Its impact on the national stage was nothing short of phenomenal. It was all over the radio, climbing to number 8 on the Billboard chart. It’s explosion of colour and different thought and indeed ways of making pop music were far-reaching. It gave youngsters in far flung places a taste of what that San Francsico thing was about. And more importantly it allowed the major record labels to invest in the new music that was propagating under the surface across the USA. It changed the music, it changed the vision of tired old men running the industry and without doubt it changed the band itself. It also catapulted Jefferson Airplane right slap dab into the middle of the mainstream. And for a band that considered themselves the undisputed darlings of the underground no matter how unwilling they may have been at the time to admit it, it put them squarely at the front of the new pop vanguard.

Jefferson Airplane and the whole San Francisco nation was now placed firmly in the nation’s consciousness. Two weeks after its release as it was seeping onto radio playlists and kicking up a storm nationally, the band became one of the main attractions of the Monterey International Pop Festival, which along with a record conceived to advertise the festival, Scott McKenzie’s San Francisco (Be Sure To Wear Some Flowers In Your Hair) acted as billboard for disaffected young people from the four corners of the country to flood the city searching for that elusive, utopian hippie dream. Just as that occurred those at the forefront of what exploded the year earlier declared the whole thing dead. Kaput. All that was left was the remnants of once beautiful illusion.

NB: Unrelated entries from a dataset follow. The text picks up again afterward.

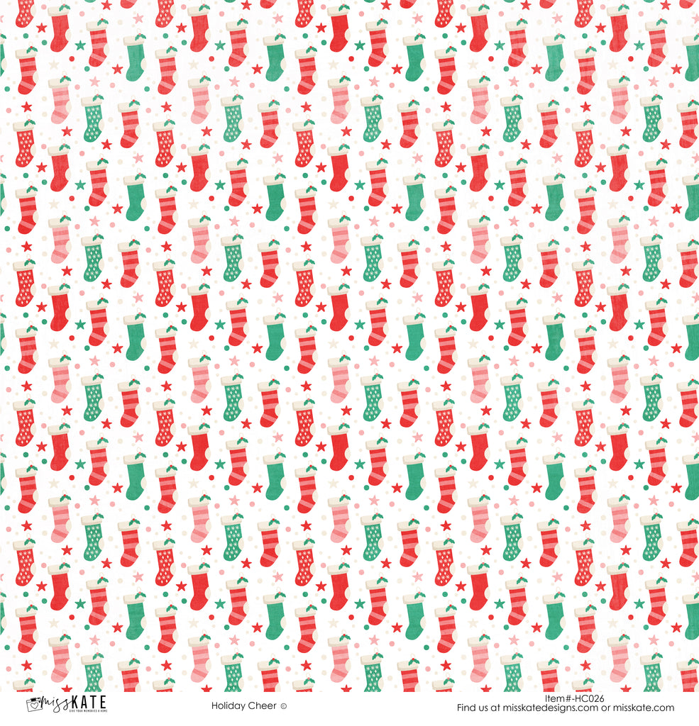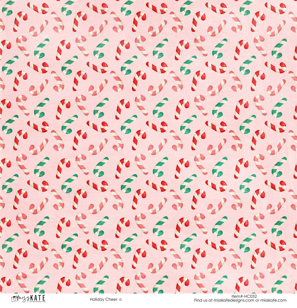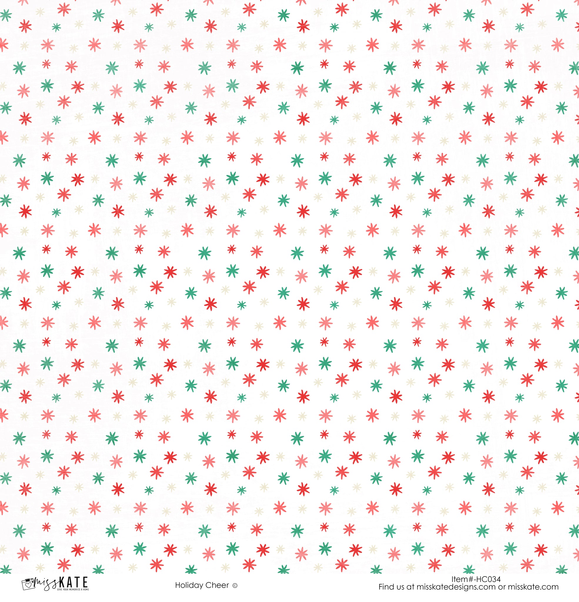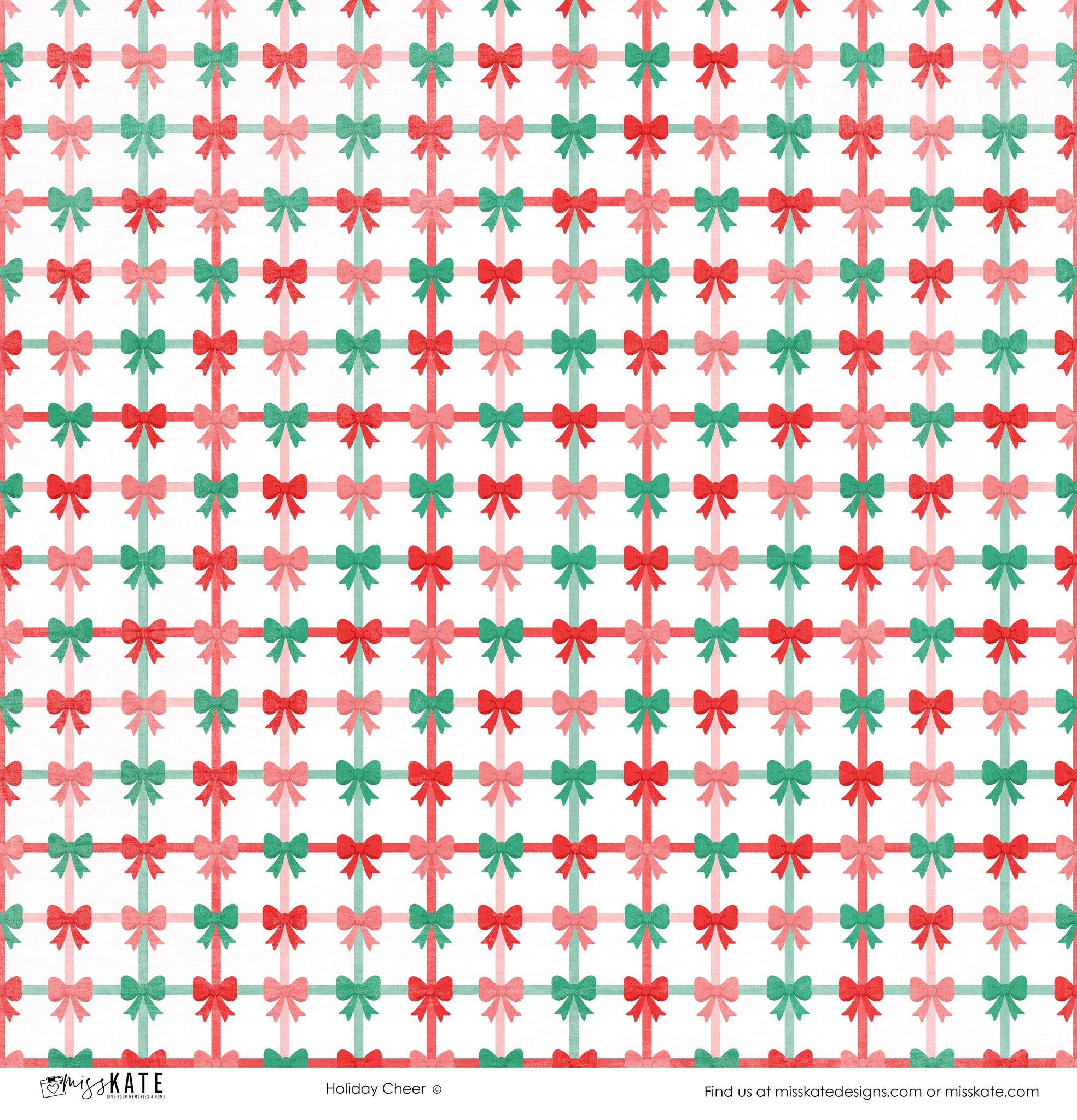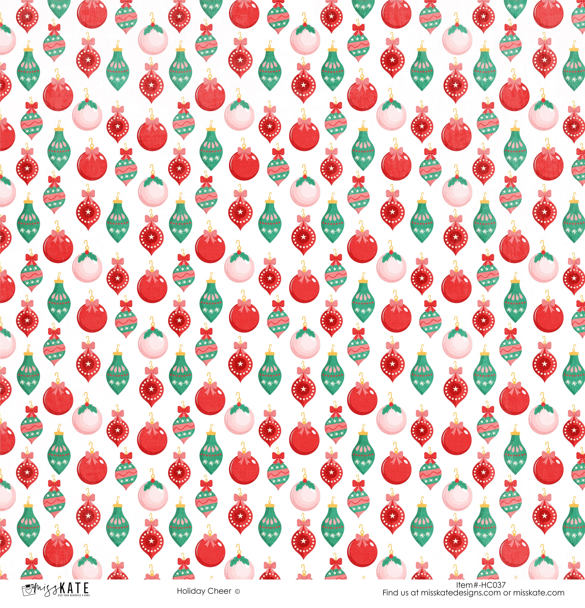 This cheerful holiday paper collection showcases a bright and playful Christmas color palette of red, green, pink, and soft cream tones. A wide variety of festive patterns fill the page, including candy canes, gingerbread cookies, ornaments, holly, snowflakes, Santa faces, plaid, stripes, and whimsical holiday phrases. The mix of classic motifs and modern illustrations creates a joyful, family-friendly feel that’s perfect for documenting seasonal memories. Centered on the page, the “Holiday Cheer” title ties the collection together, while the coordinated sticker sheet along the bottom features matching icons, sentiments, and decorative elements for easy embellishing. Overall, the collection feels warm, nostalgic, and fun—ideal for Christmas scrapbooking, card making, and holiday crafts.
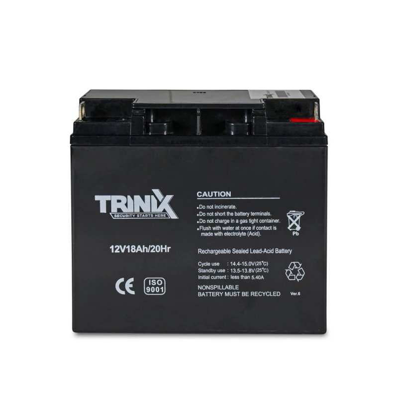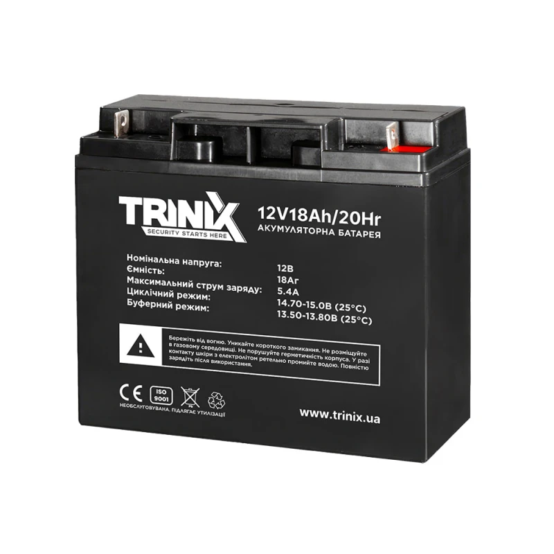 Акумуляторна батарея 12V18Ah/20Hr від TriniX – свинцево-кислотна, ємність 18 Аг, напруга 12 В.
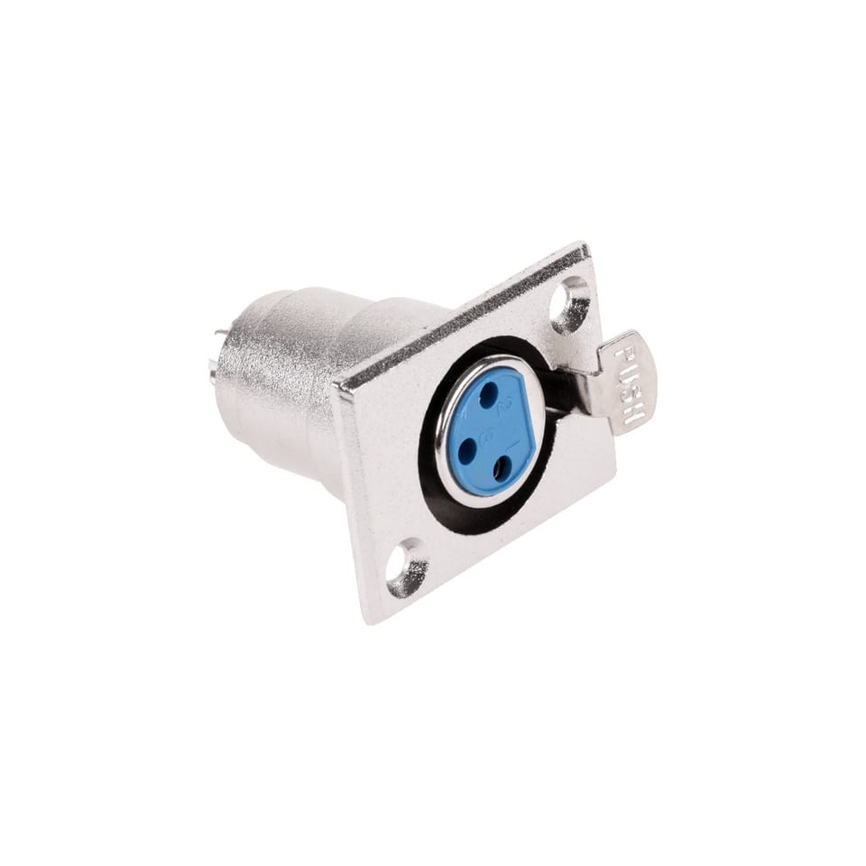 Gniazdo mikrofonowe typu XLR (canon) 3-pin źeńskie, chromowane, montażowe z zatrzaskiem uniemozliwiającym samoczynne wypadniecie wtyku

The airplane themselves had a somewhat change in direction. Their third album After Bathing At Baxter’s took a harder edge and a less colourful, optimistic outlook. As the ideals became soured and more cynical and ultimately more political Jefferson Airplane’s music reflected that. And although they racked up huge album sales for the rest of their life, the fresh, inventive, creative spirit that inspired one of the greatest and most important pop singles of all time would never bother them again. For the album focused post-Woodstock musicians, cocaine became the drug of choice and that demanded a different set of rules and regulations that condemned the playful, free thinking world of White Rabbit to a thing of the past.

More’s the Pity,

Original Mono Version

Smothers Brothers Comedy Hour 1967

1 comment

  1. Great article. Every day’s a school day, I never knew of Sly Stone’s involvement. I’m now going to dig out Miles’ Sketches of Spain for a Monday evening chill.